June 6, 2007
It’s Memorial Day here and I have the day off from work. I was planning on getting out of here early to attack a peak in Pukan National Park, but I want to get a few lines in before I leave. An opportunity to solo adventure is upon me; I was going to go with some of the fellas from around here, but they just weren’t feeling it for one reason or another. I have no idea what to expect on the hill today. Will it be busy? A midweek holiday (Wednesday) is a strange one to encounter.
June 7, 2007
Made it up and down a mountain peak or two, taking the hard route many times. After finally leaving the apartment, I made my way up to Bukansan National Forest in the north of Seoul. After hiking to the base of Hayallabong (Peak), I quickly decided to scale the face of the peak, defying—like many others—the danger-do not enter signs; I gave only a brief acknowledgement that there may be an easier way to attain that peak. I saw that there were people older than I scaling these rocks—as if only this had something to do with the ability to do such a task.
Shortly after scaling the first few crevasses, I was about to turn around and just go around, a feeling of failure already creeping in, my legs shaking slightly, the hangdog tail-between-my legs dread at being overcome by my fear of heights and my inability to hoist myself up the more-difficult-than-I-thought climb. I, of course, was not outfitted to climb rocks, my boots, built for hiking, were too big and inflexible to fit the footholds and the traction not designed to grip slippery rock at such extreme angles. And, when I left the apartment earlier, I noticed a couple loose threads on the toe, thinking to myself it might already be time to replace these cheaply bought duds. I was more right than I thought.
As I was being beckoned by the middle-aged man above me and the middle-aged man below me and as I was trying to let the man below me go past so I could descend the peak, the option was not given me as there really was no room to go around him. Finally, I reached up, grabbed the right holds based on the man above me giving me advice and the man below me giving a firm hold on my heel. It is remarkable the things one can communicate with only the limited use of language.
After a few slightly less precarious ascensions to that peak—still with the assistance of the two men—I sat to rest, sweat pouring. I caught my breath, took in the hazy view of downtown Seoul and drank some water, sharing some with one of the men who had helped me from below up to the peak. No exchange of names. Just a shared slake of water and a brief rest. He was, as far as I could tell, older than I by at least five or ten years. All he asked me was if it was my first time in Bukansan. Yes, I said, thinking to myself that it was almost my last had I fallen without his assistance or been vanquished so quickly by that first peak.
In an indirect invite, he simply said let’s go. So we went.
As we hiked, I was pleased that there wasn’t too much talking between us. He knew enough for us to communicate but, after my first success on the first peak, my confidence in other rock climbing endeavors become less inhibited. The people on the mountain were thick, this being a midweek day off and, since many Koreans work six days a week, the extra day for activity was fully taken advantage. As I have mentioned before, the crowds can be a bit off-putting. However, there has been, at least the last couple times on the mountain, a good feeling of camaraderie, especially now that I had a new companion.

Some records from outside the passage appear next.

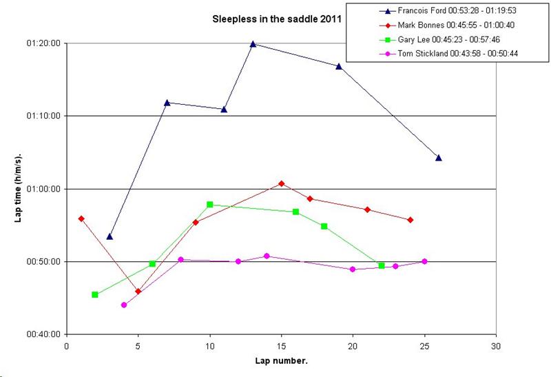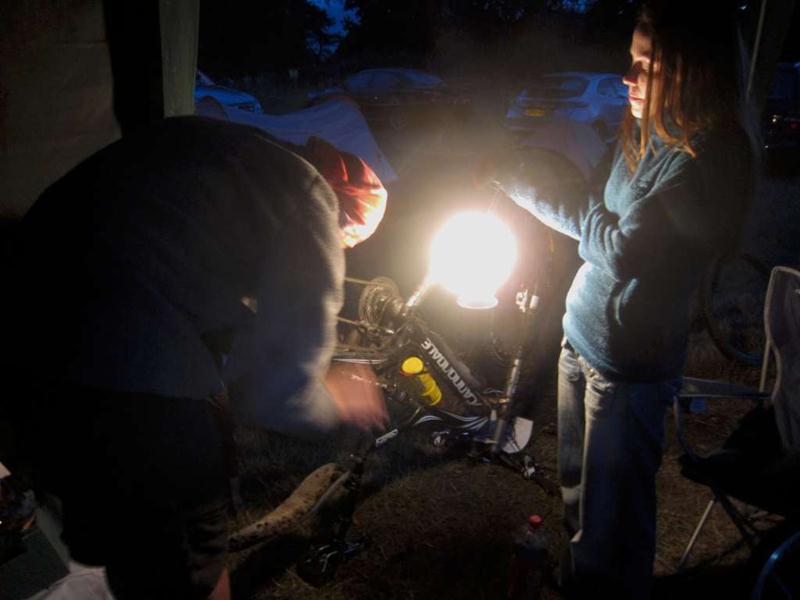 Sleepless in the Saddle is another of the big MTB race events. Others include Mountain Mayhem, 2412 and Bristol Bikefest. MBSwindon had an official team in the twenty four hour team race. There were also several other teams with club members in them. The route was just over 8 miles of mainly singletrack round the Catton Park venue. A similar length to the Bontrager 2412 but less hilly overall. The event started out bone dry at 2pm on the Saturday. There was heavy rain for about half an hour in the early evening which completely changed the conditions. The trail went from dusty to claggy in a short space of time. It then spent the rest of the event gradually drying out. The team put in a consistent performance and ended up about half way down the field – 54th out of 102 teams. This was an average lap time of 56 minutes. Our fastest rider (there on the day – we have faster in storage) managed just under 50 minutes per lap, the equivalent of around 30th place. To get into the top ten would have required sub 45 minute laps on average.
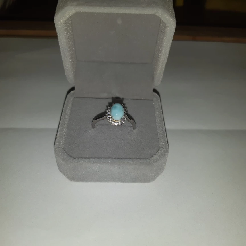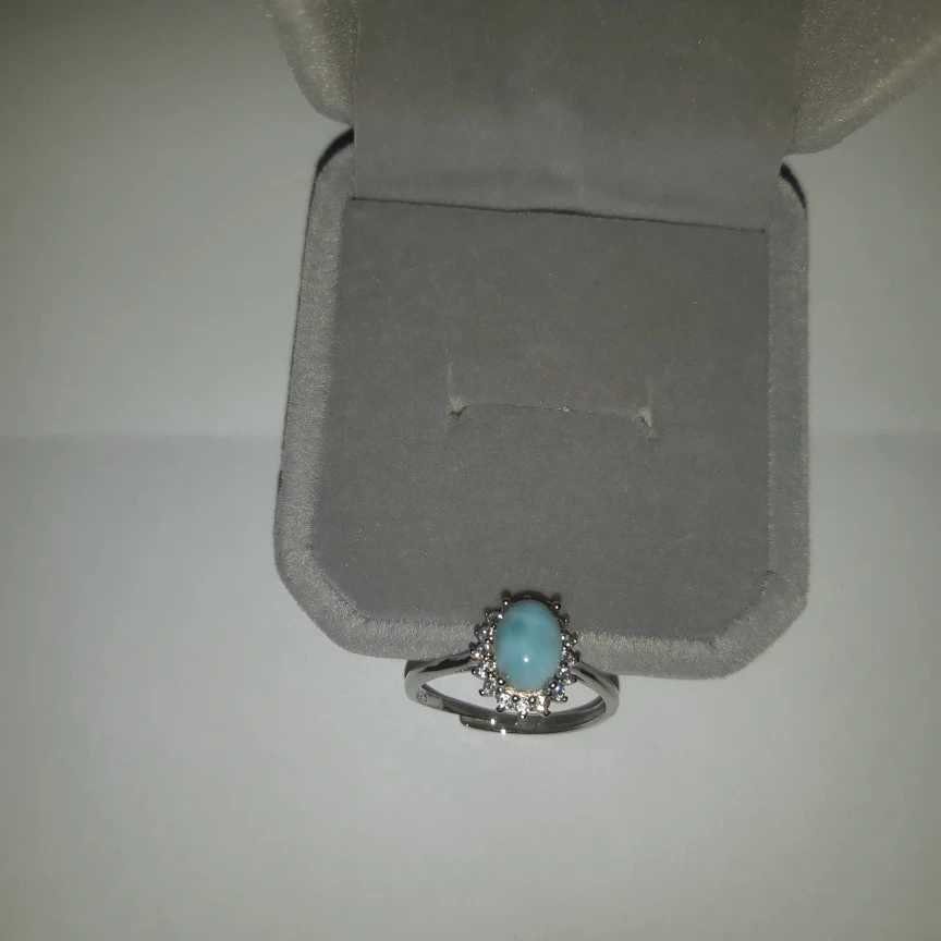 Polished natural Larimar stone s925 Sterling silver ring with box.Larimar stones only found in the Dominican Republic $55.00.OBO.
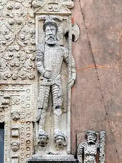 Relief of conquistador on facade of Casa de Montejo (built c. 1549), Mérida, Yucatán.
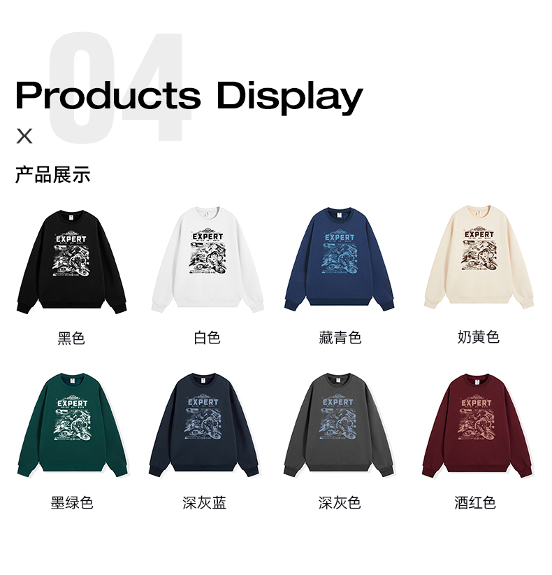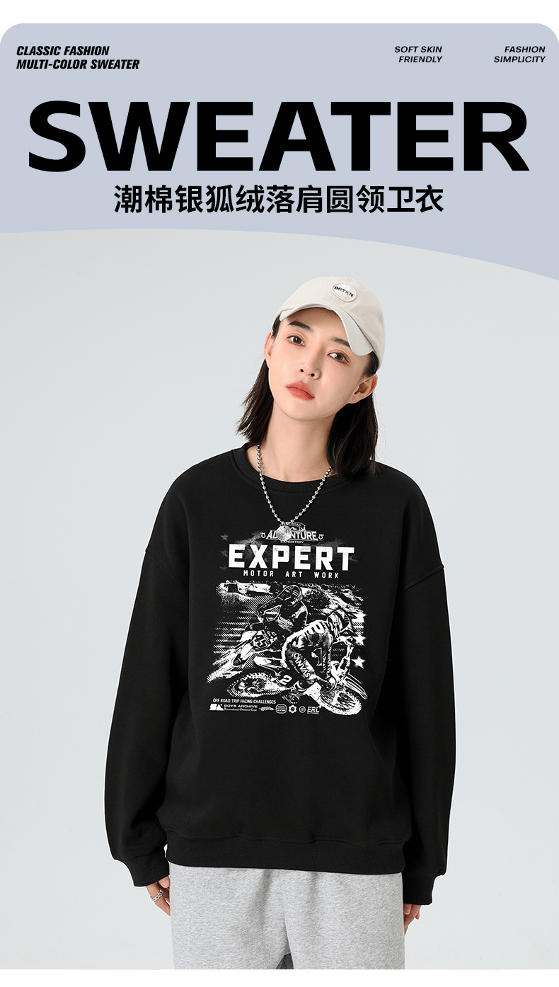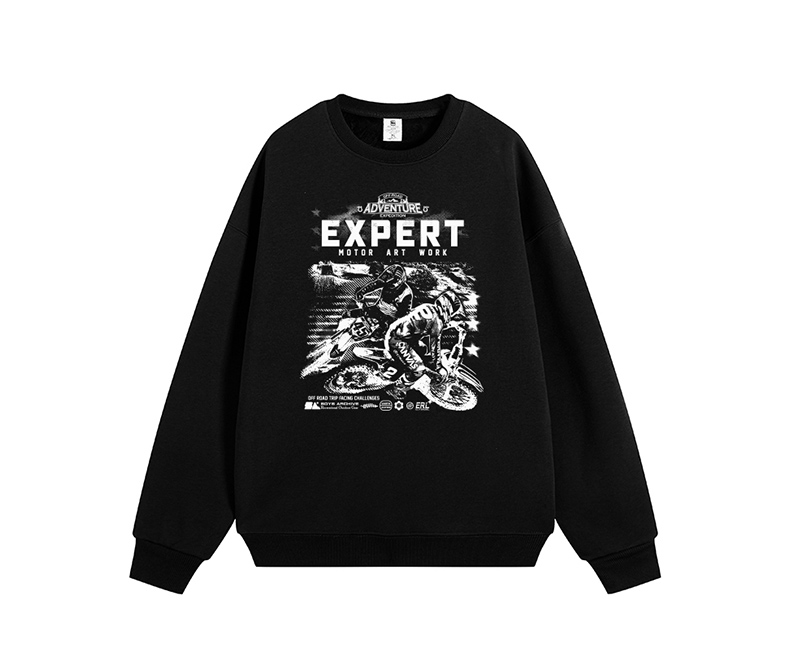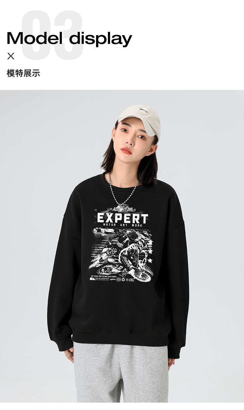 自由基地秋冬新品摩托赛事图设计印花长袖抓绒圆领套头卫衣加厚款 NMT-2186
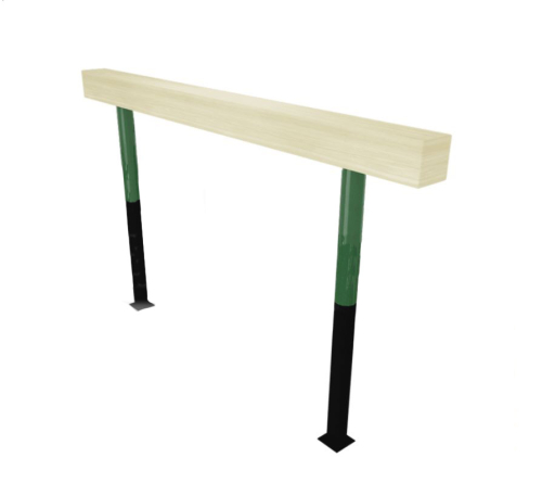 Ножки изделия выполнены из металлической трубы, покрытой полимерно-порошковой краской, что снижает возникновение коррозии, и придает изделию эстетичный вид. Бревно изготовлено из бруса хвойных пород покрытого специальной пропиткой, это сокращает риск травмирования детей, а так же воздействия влаги на древесное полотно.
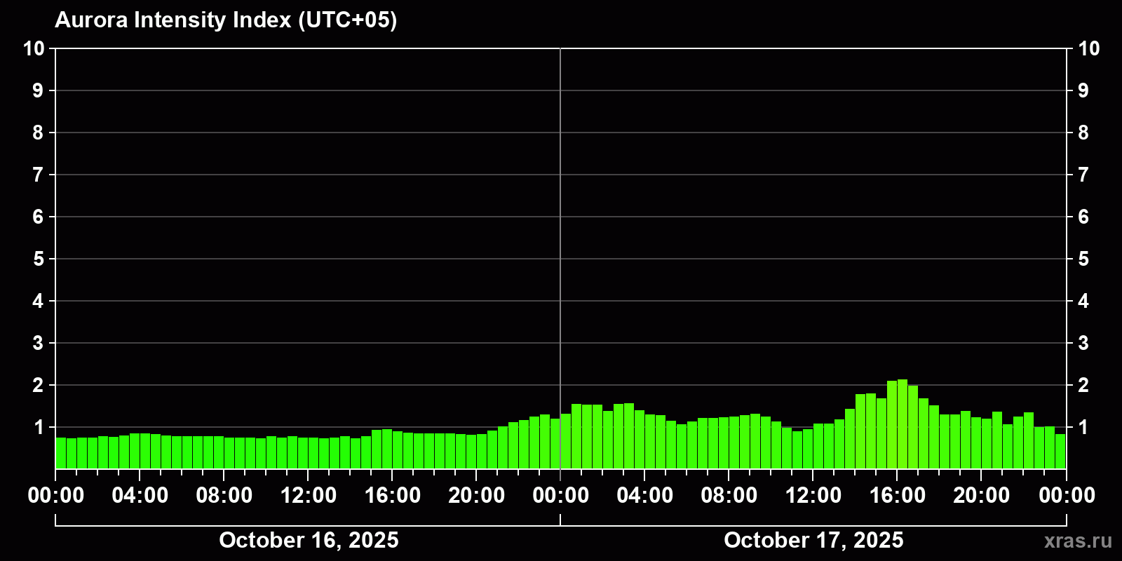 Changes in the auroral intensity index from 2025-10-16 to 2025-10-17 local time
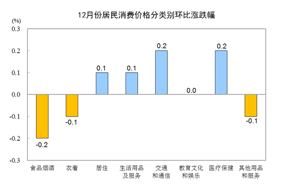 12月份,全国居民消费价格环比持平。其中,城市持平,农村下降0.1%;食品价格下降0.4%,非食品价格上涨0.1%;消费品和服务价格均持平。
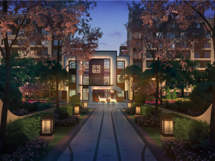 项目内打造奢阔新中式水景园林,1心5境,1环1轴,3区5连的景观格局,给业主带来少有的观景享受
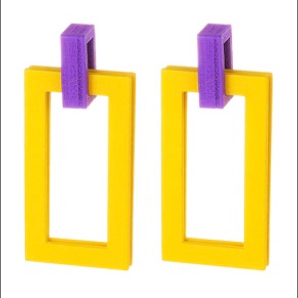 Color bound purple & yellow earrings. Rectangle shaped wooden earrings guaranteed to be a compliment magnet.
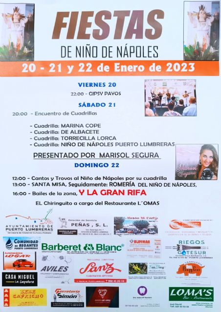 "Desde este viernes, 20 de enero, y hasta el domingo, 22 de enero, podremos disfrutar de diferentes actividades y actuaciones con motivo de esta celebración en la pedanía lumbrerense. Tres días intensos para celebrar estas fiestas en honor al Niño de Nápoles que se realizan cada año en la Ermita ubicada en la zona de 'El Descanso' de Puerto Lumbreras", ha explicado el edil.
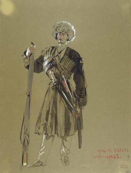 В 1842 году Григорий Гагарин написал серию портретов казаков Гребенского и Моздокского полков. Все портреты были сделаны на коричневой бумаге гуашью. Как и в предыдущих портретах, каждый изображенный казак отличается своей индивидуальностью, но при этом создан обобщенный, колоритный образ служилого казачества. Ольга Капарулина. Рисунки и акварели Г. Г. Гагарина в собрании Русского музея // Григорий Гагарин. СПб. 2010. С. 38-39.
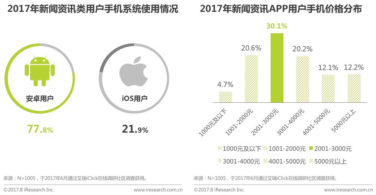 资讯类APP用户手机价格集中在2001-3000元的安卓系统机

While we sometimes dodged people on the more well-traveled paths, we once or twice more went beyond the “Danger” signs and scaled slippery when dry rocks. And after a few of those climbs, learning holds and grips from the example and suggestion of Chee Pyung-Yun (my new fellow trekker), he noticed that the toe of my right book had come completely undone. Now I have been doing a lot of hiking as of late, but hardly should two months of intensive once-a-week hiking merited this to happen. But, you get what you pay for, in most cases. Time for new shoes.
After Pyung-Yun, a 42 year old small business owner who is in Bukansan at least once or twice a week, showed me a lesser known spot where the rocks were shaped like two thrones that overlooked Seoul and shared his kimbap and a slug of congnac with me, we looked at other peaks in the distance, I desiring higher altitudes, looking to one day far surpass the 530 meters of that day’s Bibong. Someday, we both agreed, we would meet up to do some of the 800 meter peaks a little further to the north. I need, first, to get new shoes. We laughed. On our way down the mountain, we saw some people walking up some 60-70 degree sheer rock without ropes, only good shoes. I asked Pyung-Yun if he liked to do that. He said yes and I said that’s crazy. “Next time, I will give you education.” I don’t know about that. But I won’t put limits on anything, either. Went down the mountain and had some cold noodles and parted ways after we exchanged cell numbers for future climbs. Five and a half hours of hiking and scaling.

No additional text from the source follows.